== Task objective ==
In the entries below, repeat only the lines between those holding "BONDAGE, 40 cm, black" and "OHGA KNIT VEST ホワイト白 オーガ ニットベスト ケーブルニット OHGA", inclusive. Leave pictures out.

Dataset entries:
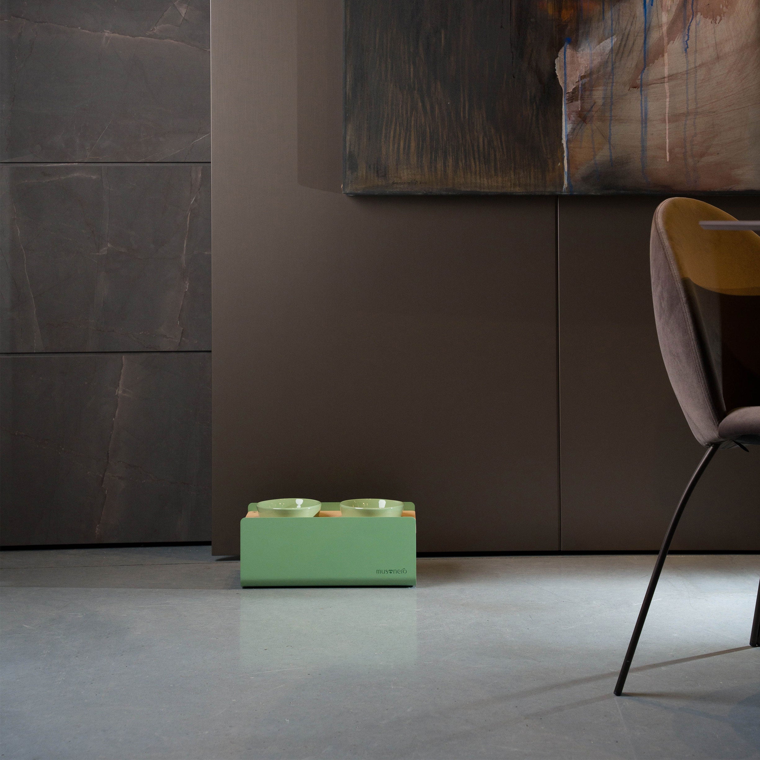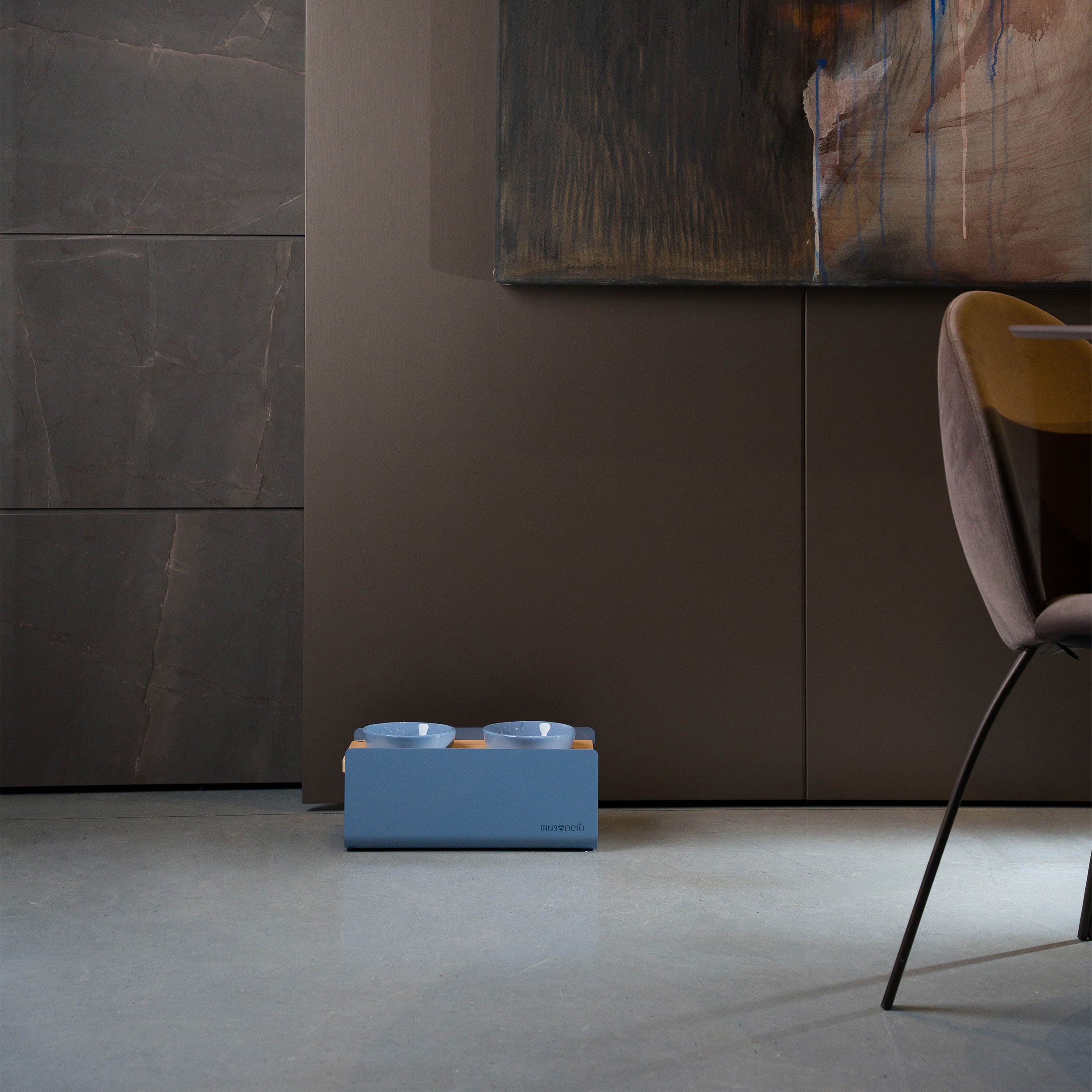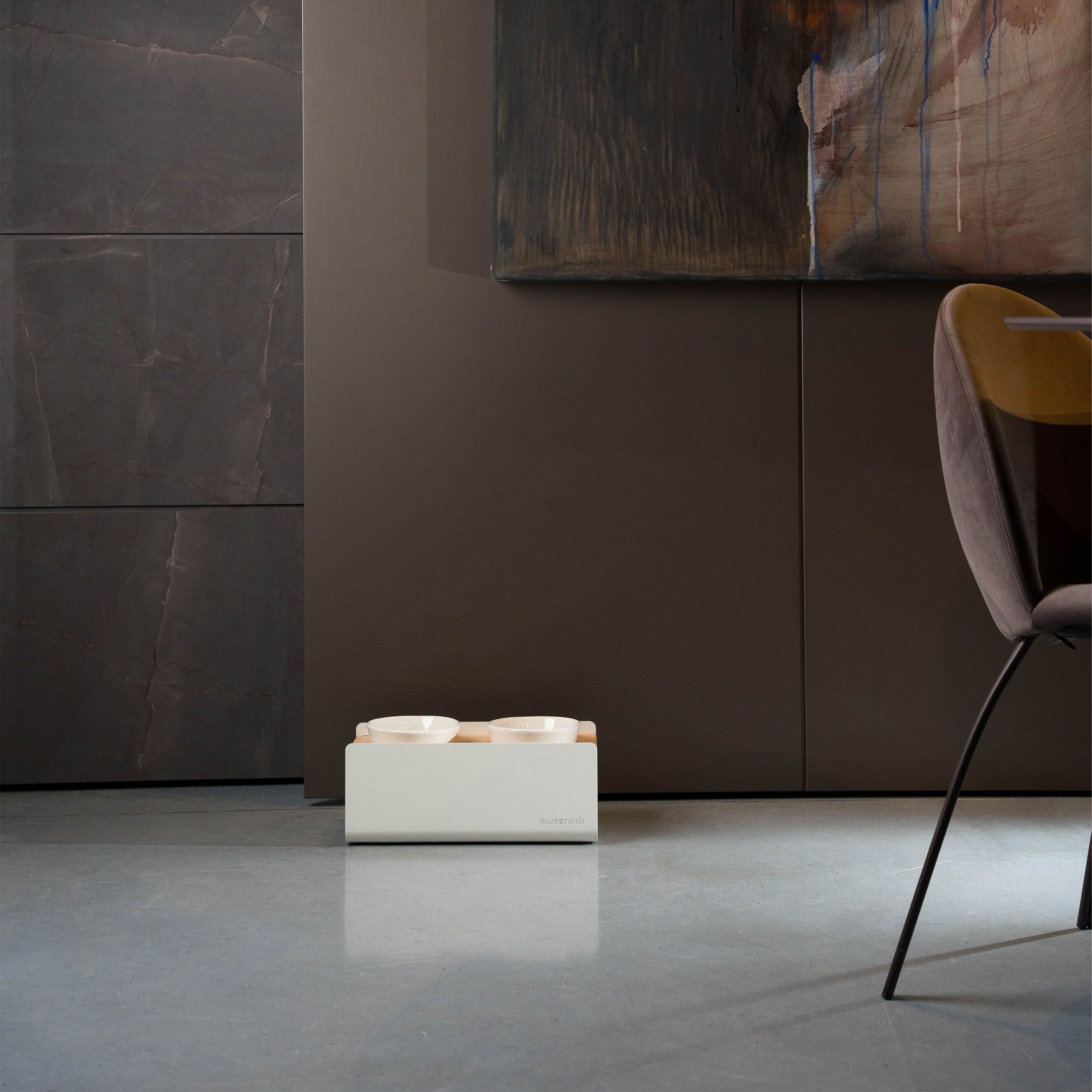 This dog bowl stand features a sturdy painted metal frame, a natural beech wood top, and removable enamelled ceramic bowls. The elevated design keeps food and water at a comfortable height, reducing strain on your dog’s neck while keeping the feeding area clean and organized.
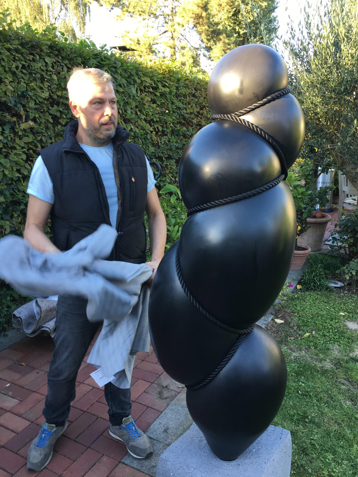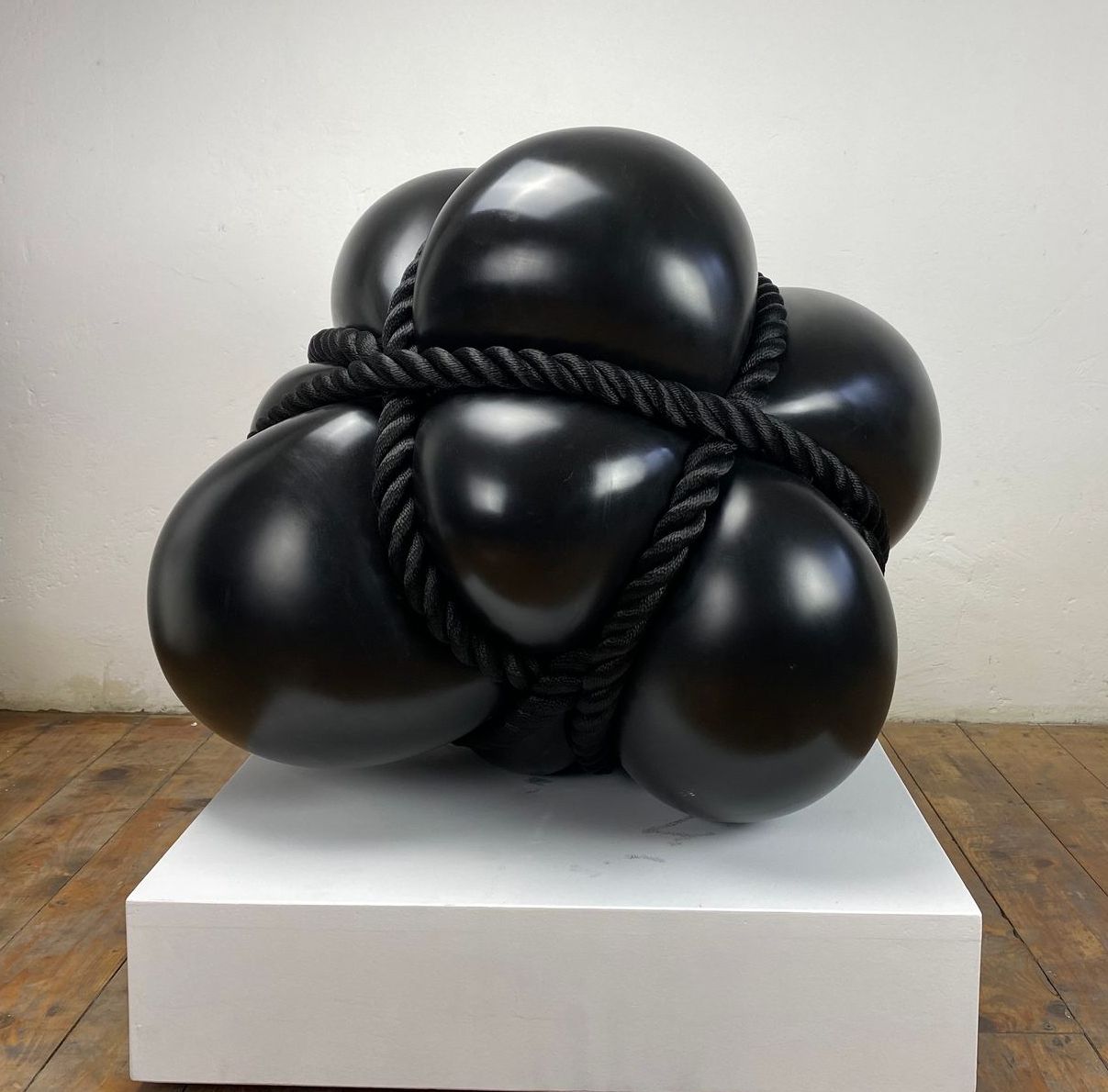 BONDAGE, 40 cm, black marble/black rope, unique piece, 2023
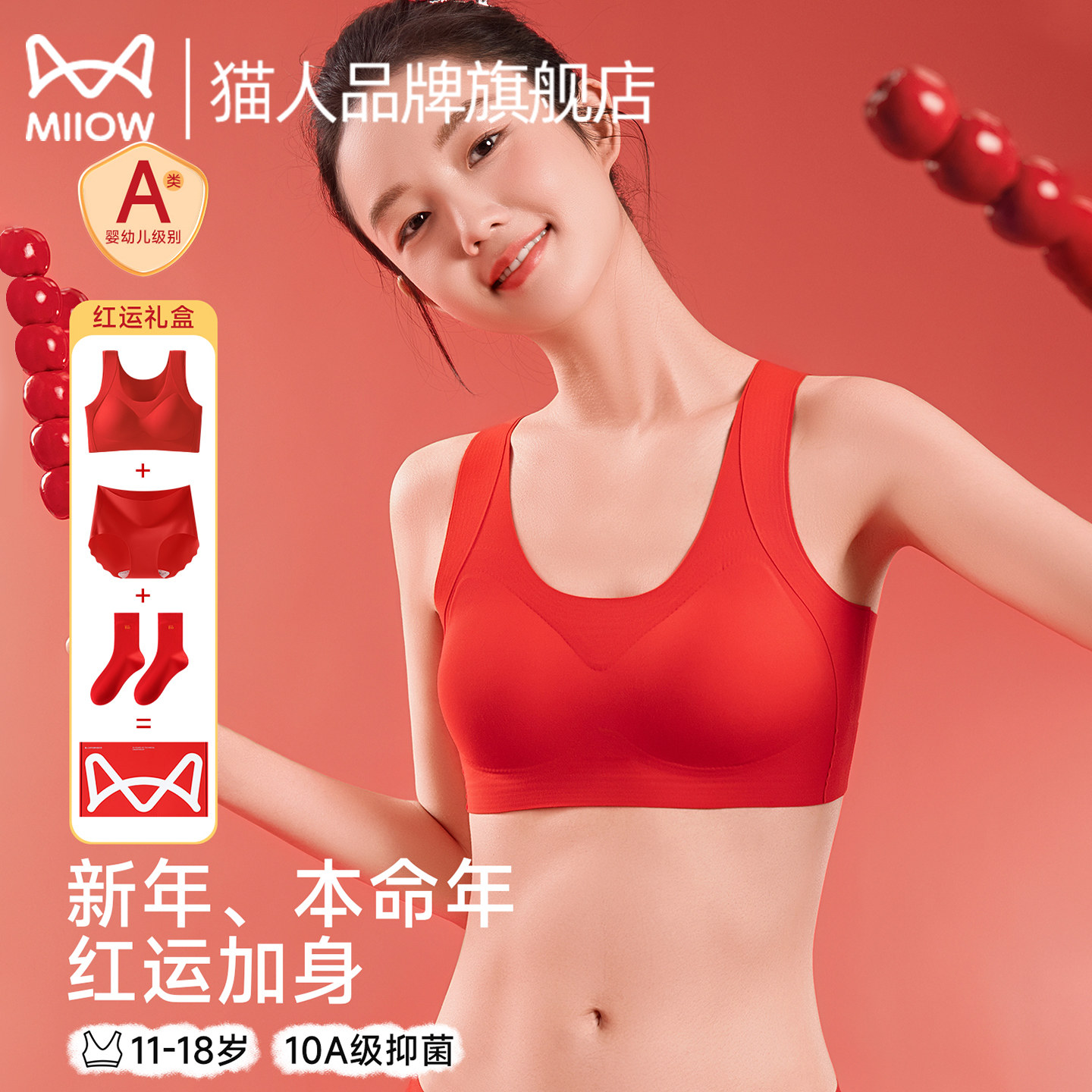 Cat man girl underwear set, natal year, New Year's good luck, traceless comfort, red product developmental period special underwear box
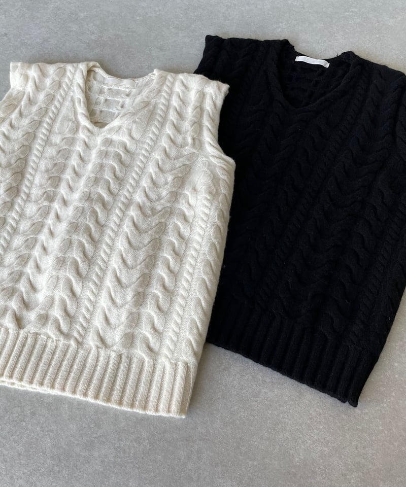 OHGA KNIT VEST ホワイト白 オーガ ニットベスト ケーブルニット OHGA KNIT VEST ホワイト白 オーガ ニットベスト ケーブルニット OHGA
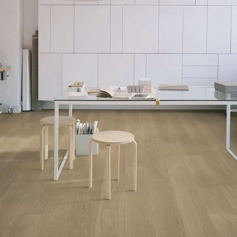 Colección de tarimas laminadas antiestáticas, de clase de uso 32 para un uso doméstico intenso y comercial en general. Con sistema UNI fit! y 20 años de garantía.
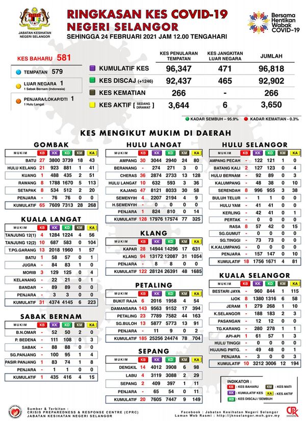 (莎阿南24日讯)雪兰莪新冠肺炎确诊病降低,今日只有581宗,其中一宗为境外输入,以及一宗监狱押留所病例。

== Answer area ==
 BONDAGE, 40 cm, black marble/black rope, unique piece, 2023
 Cat man girl underwear set, natal year, New Year's good luck, traceless comfort, red product developmental period special underwear box
 OHGA KNIT VEST ホワイト白 オーガ ニットベスト ケーブルニット OHGA KNIT VEST ホワイト白 オーガ ニットベスト ケーブルニット OHGA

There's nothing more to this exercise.